#### Record set
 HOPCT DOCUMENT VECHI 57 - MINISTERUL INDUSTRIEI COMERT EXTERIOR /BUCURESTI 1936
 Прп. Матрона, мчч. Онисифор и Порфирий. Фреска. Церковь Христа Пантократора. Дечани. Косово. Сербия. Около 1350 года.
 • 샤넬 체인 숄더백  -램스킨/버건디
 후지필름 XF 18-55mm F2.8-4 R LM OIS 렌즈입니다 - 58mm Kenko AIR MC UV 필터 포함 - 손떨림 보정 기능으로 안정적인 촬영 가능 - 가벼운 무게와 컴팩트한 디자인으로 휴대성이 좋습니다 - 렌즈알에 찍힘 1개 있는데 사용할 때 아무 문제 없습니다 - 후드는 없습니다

...

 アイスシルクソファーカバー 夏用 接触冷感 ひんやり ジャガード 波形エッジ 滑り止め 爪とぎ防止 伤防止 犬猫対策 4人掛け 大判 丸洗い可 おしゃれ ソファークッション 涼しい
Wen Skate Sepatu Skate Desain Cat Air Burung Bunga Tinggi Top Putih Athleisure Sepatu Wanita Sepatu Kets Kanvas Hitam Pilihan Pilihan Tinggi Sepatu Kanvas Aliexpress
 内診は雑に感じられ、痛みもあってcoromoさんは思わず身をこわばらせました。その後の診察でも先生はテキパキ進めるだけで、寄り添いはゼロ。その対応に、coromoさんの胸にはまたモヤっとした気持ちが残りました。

* * *

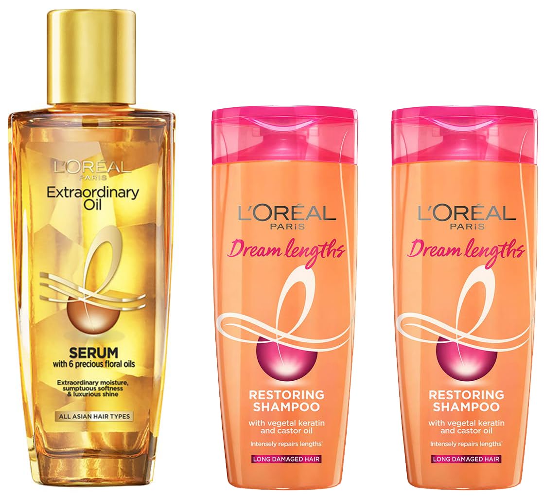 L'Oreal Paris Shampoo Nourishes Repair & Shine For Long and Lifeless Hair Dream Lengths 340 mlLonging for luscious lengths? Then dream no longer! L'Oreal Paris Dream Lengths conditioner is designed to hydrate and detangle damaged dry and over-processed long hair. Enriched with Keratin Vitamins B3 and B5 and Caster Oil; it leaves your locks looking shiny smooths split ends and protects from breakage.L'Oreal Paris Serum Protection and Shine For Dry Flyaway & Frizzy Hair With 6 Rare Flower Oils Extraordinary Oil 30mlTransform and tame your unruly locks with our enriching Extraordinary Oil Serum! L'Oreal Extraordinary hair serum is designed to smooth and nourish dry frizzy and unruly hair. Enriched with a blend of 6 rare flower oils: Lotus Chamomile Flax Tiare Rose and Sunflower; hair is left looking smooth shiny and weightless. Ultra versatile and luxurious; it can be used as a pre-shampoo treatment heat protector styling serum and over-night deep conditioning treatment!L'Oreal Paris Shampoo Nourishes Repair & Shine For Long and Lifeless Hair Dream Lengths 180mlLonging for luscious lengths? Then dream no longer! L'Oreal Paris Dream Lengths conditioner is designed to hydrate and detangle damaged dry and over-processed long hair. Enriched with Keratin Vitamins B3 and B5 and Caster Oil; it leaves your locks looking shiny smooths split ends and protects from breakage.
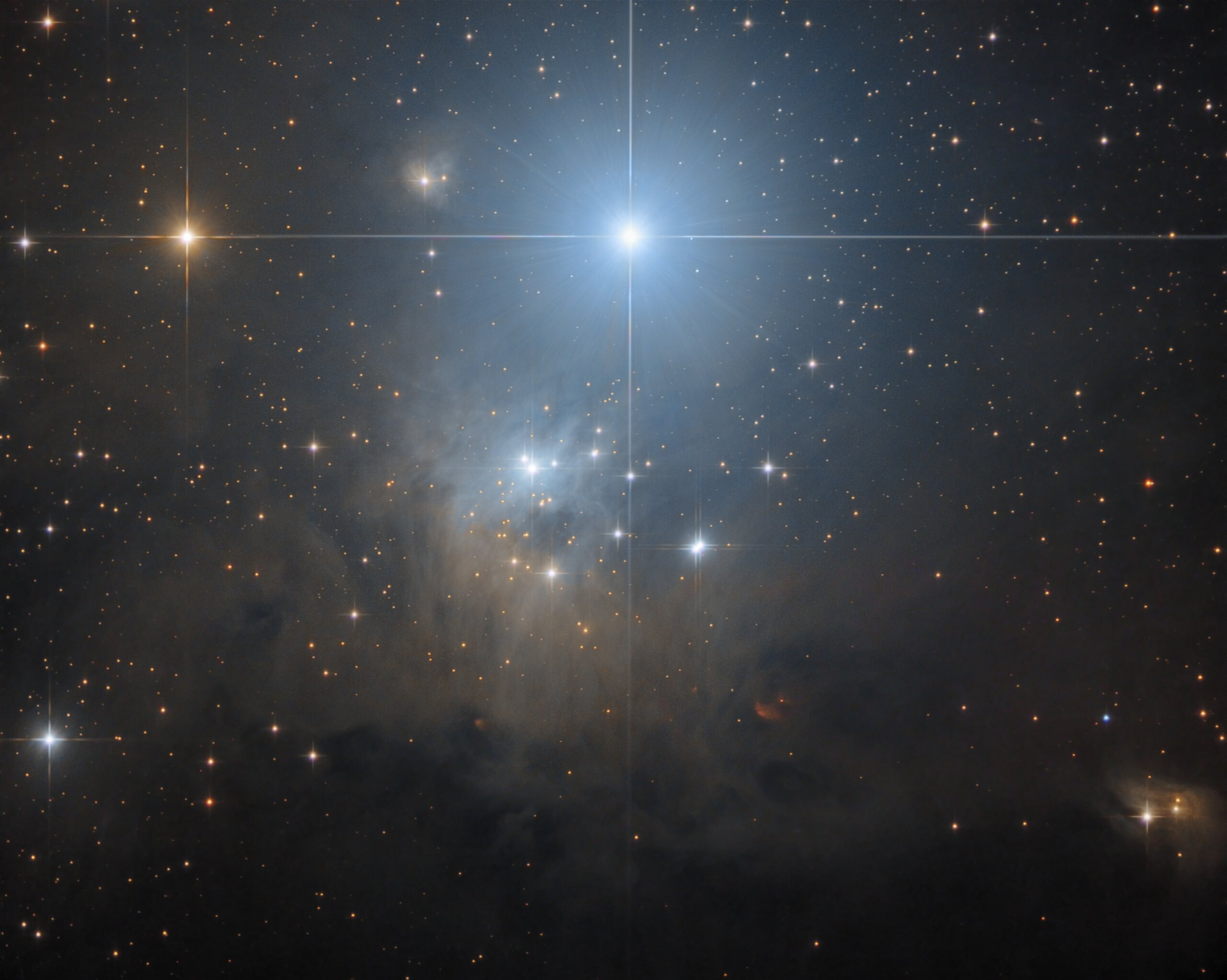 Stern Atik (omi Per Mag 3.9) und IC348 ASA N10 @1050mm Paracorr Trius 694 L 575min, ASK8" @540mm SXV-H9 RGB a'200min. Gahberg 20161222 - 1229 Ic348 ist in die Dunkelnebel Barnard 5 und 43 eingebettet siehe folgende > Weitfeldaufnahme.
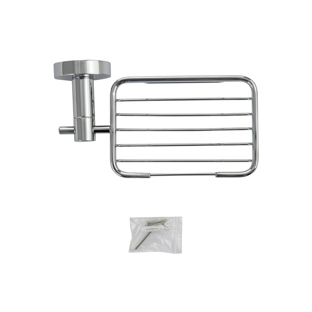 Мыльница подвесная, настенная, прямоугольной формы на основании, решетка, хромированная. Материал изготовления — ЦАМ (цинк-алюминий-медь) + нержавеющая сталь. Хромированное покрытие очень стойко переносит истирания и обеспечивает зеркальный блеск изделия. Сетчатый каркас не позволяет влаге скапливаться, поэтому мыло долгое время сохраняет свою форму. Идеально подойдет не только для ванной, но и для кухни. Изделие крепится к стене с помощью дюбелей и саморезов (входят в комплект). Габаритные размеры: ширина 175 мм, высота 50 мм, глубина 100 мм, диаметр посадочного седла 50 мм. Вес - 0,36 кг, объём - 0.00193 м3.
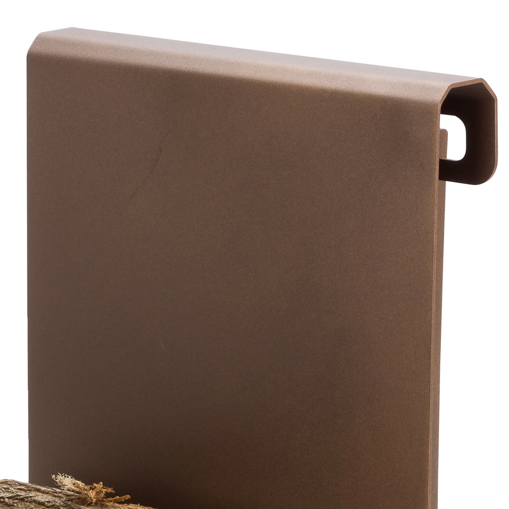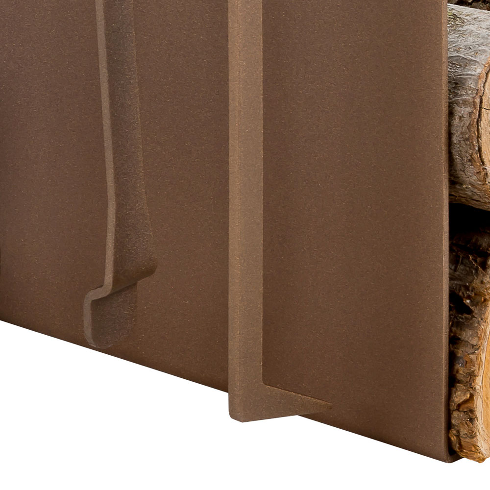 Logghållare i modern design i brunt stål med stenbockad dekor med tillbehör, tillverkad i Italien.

#### Task brief
Only one part of the material above is to be transcribed, namely the lines starting with the line that has "アイスシルクソファーカバー 夏用 接触冷感" and going on through the line that has "Wen Skate Sepatu", exactly as they stand.

#### Response below
 アイスシルクソファーカバー 夏用 接触冷感 ひんやり ジャガード 波形エッジ 滑り止め 爪とぎ防止 伤防止 犬猫対策 4人掛け 大判 丸洗い可 おしゃれ ソファークッション 涼しい
Wen Skate Sepatu Skate Desain Cat Air Burung Bunga Tinggi Top Putih Athleisure Sepatu Wanita Sepatu Kets Kanvas Hitam Pilihan Pilihan Tinggi Sepatu Kanvas Aliexpress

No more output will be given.